- DATA SHOWN:
■ ■ ■ ■

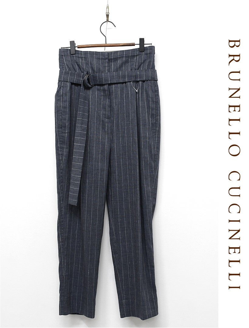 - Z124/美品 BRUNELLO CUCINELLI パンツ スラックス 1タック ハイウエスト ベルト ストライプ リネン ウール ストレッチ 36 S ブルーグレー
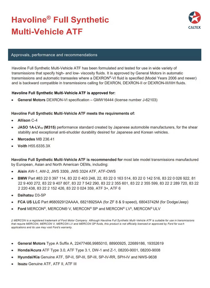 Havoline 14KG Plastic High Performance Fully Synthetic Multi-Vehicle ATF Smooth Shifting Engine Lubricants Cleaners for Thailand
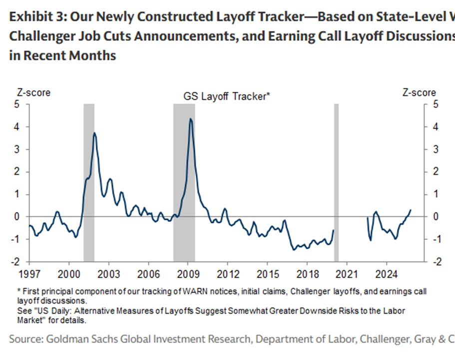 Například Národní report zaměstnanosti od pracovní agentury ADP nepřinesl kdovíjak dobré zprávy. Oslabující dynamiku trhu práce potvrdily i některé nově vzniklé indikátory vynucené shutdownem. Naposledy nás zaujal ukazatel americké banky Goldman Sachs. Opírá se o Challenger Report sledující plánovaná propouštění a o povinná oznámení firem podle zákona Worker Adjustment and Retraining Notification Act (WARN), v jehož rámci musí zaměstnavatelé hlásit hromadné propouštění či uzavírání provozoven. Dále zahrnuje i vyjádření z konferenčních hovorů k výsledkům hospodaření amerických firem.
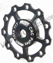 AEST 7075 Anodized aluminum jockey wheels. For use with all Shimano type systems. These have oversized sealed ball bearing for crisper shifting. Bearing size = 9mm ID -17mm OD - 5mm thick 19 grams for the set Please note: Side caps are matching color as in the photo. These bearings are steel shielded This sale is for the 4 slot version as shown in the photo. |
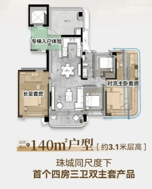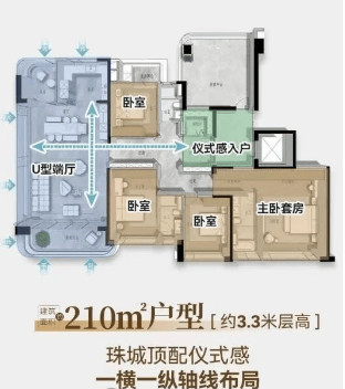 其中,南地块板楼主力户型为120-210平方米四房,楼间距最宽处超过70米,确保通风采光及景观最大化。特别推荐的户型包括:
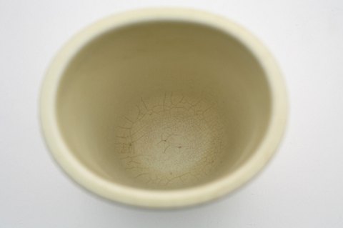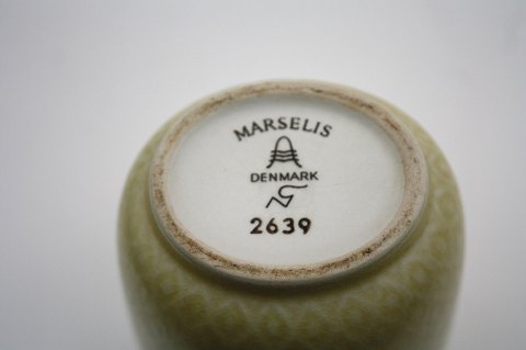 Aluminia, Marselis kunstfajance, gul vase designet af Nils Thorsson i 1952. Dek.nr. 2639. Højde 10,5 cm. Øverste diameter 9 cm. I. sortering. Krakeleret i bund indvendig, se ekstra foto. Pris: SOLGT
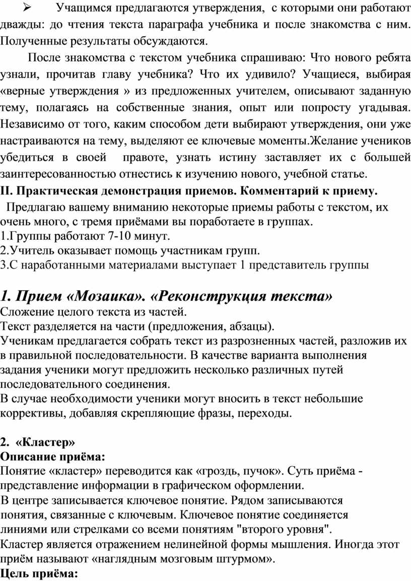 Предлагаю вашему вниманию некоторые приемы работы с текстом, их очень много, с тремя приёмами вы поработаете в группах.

■ ■ ■ ■

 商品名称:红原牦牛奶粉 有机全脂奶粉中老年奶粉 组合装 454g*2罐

■ ■ ■ ■

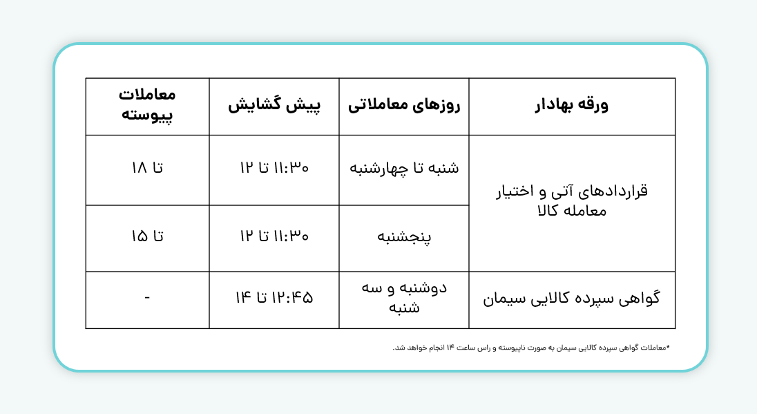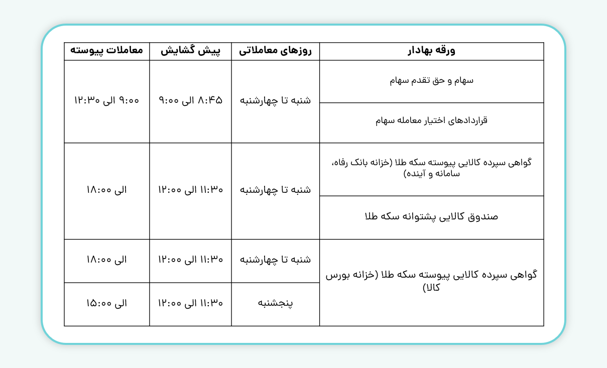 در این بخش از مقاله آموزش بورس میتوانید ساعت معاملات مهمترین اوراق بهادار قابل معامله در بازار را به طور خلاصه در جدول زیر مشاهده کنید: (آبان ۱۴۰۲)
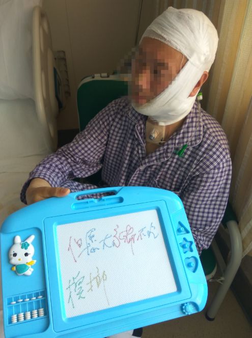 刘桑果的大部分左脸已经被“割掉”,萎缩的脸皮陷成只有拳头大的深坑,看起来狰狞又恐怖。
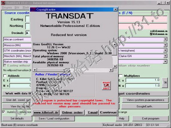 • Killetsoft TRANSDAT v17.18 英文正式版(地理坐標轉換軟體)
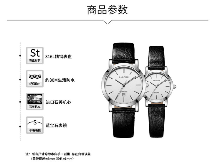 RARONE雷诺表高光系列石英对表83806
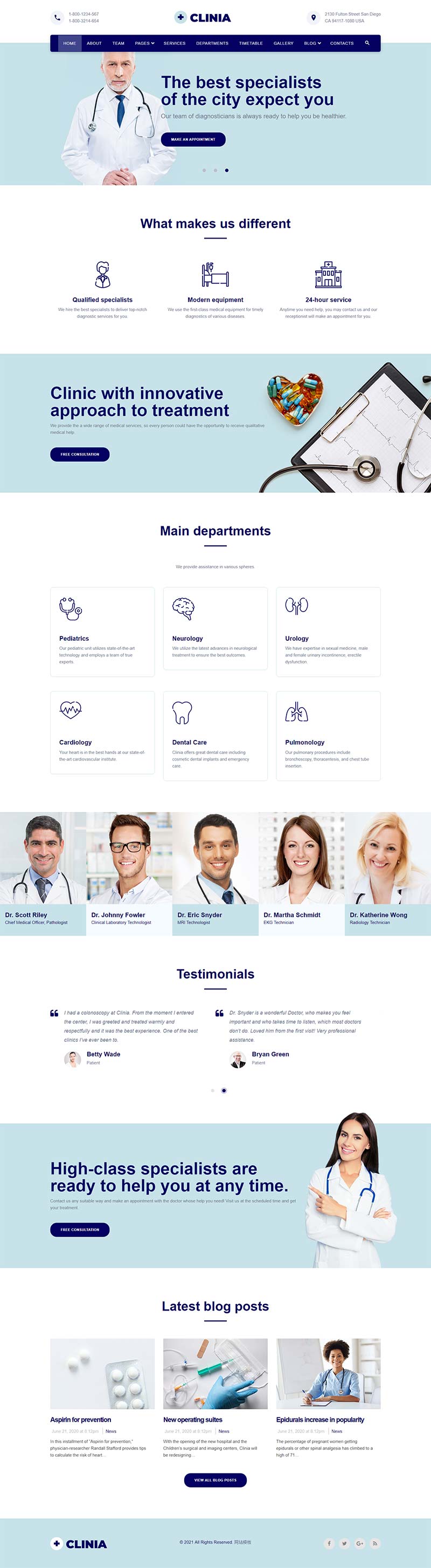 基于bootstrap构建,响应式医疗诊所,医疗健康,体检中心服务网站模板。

■ ■ ■ ■

- WORK REQUIRED: Set down word for word the lines above from the one with "其中,南地块板楼主力户型为1" up to and including the one with "Предлагаю вашему вниманию". Omit every picture.

- RESULT:
 其中,南地块板楼主力户型为120-210平方米四房,楼间距最宽处超过70米,确保通风采光及景观最大化。特别推荐的户型包括:
 Aluminia, Marselis kunstfajance, gul vase designet af Nils Thorsson i 1952. Dek.nr. 2639. Højde 10,5 cm. Øverste diameter 9 cm. I. sortering. Krakeleret i bund indvendig, se ekstra foto. Pris: SOLGT
 Предлагаю вашему вниманию некоторые приемы работы с текстом, их очень много, с тремя приёмами вы поработаете в группах.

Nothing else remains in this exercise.